Below is the assembly code for
Consume(memory.Slice(Size / 2)); // private const int Size = 10;
In .NET 3.1, here is disassembly. IG06
does this check and if within bounds, proceed to creating the ReadOnlyMemory()
object in IG07
as seen here.
G_M45388_IG06:
B94037B3 ldr w19, [fp,#52] // [V01 loc0+0x0c]
7100167F cmp w19, #5
540005A3 blo G_M45388_IG12
G_M45388_IG07:
F94017B4 ldr x20, [fp,#40] // [V01 loc0]
AA1403E0 mov x0, x20
51001675 sub w21, w19, #5
2A1503E1 mov w1, w21
528000A2 mov w2, #5
F9000FA0 str x0, [fp,#24] // [V21 tmp18] ; this._object = _object
B90023A2 str w2, [fp,#32] // [V22 tmp19] ; this._index = _index
B90027A1 str w1, [fp,#36] // [V23 tmp20] ; this._length = _length
910063A0 add x0, fp, #24 // [V02 loc1]
94000000 bl Slice`1:Consume(byref)
7100167F cmp w19, #5
54000483 blo G_M45388_IG13
In .NET 5, here is disassembly.
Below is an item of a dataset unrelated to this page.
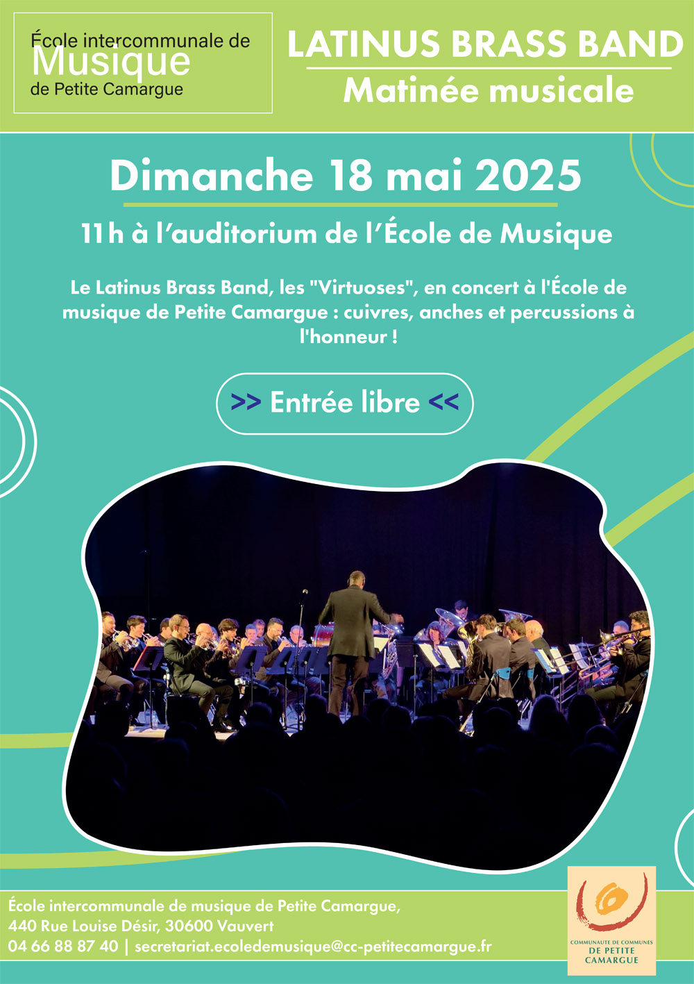 L’École intercommunale de musique de Petite Camargue a le plaisir de vous inviter à vivre un moment musical unique avec le Latinus Brass Band, pour une matinée placée sous le signe de l’énergie et de la virtuosité.

There are more memory access in IG06
(4 vs. 7).
G_M6359_IG05:
B9402FA0 ldr w0, [fp,#44] // [V23 tmp20]
7100141F cmp w0, #5
540006C3 blo G_M6359_IG11
;; bbWeight=0.50 PerfScore 1.75
G_M6359_IG06:
B9402BA0 ldr w0, [fp,#40] // [V22 tmp19]
11001400 add w0, w0, #5 ; <-- In .NET 3.1, we constant prop value of _index and turns this to " = 5"
B9402FA1 ldr w1, [fp,#44] // [V23 tmp20] ; <-- could have skipped because we already load it in IG05, the way it is skipped in .NET 3.1
51001421 sub w1, w1, #5
F94013A2 ldr x2, [fp,#32] // [V21 tmp18]
F9000BA2 str x2, [fp,#16] // [V24 tmp21] ; this._object = _object
B9001BA0 str w0, [fp,#24] // [V25 tmp22] ; this._index = _index
B9001FA1 str w1, [fp,#28] // [V26 tmp23] ; this._length = _length
910043A0 add x0, fp, #16 // [V02 loc1]
94000000 bl Slice`1:Consume(byref)
B9402FA0 ldr w0, [fp,#44] // [V23 tmp20] ; <-- could have been skipped
7100141F cmp w0, #5
54000523 blo G_M6359_IG11
I believe some of them are happening because we fail to constant propagate the value of _index
which is zero. Instead we load the value from stack and add 5
to it. In .NET 3.1, we detected this and converted it to assigment.
.NET 3.1 dump:
***** BB05, stmt 11 (before)
N005 ( 5, 6) [000118] -A------R--- * ASG int
N004 ( 1, 1) [000117] D------N---- +--* LCL_VAR int V07 tmp4 d:2
N003 ( 5, 6) [000073] ------------ \--* ADD int
N001 ( 3, 4) [000070] ------------ +--* LCL_FLD int V01 loc0 u:6[+8] Fseq[_index]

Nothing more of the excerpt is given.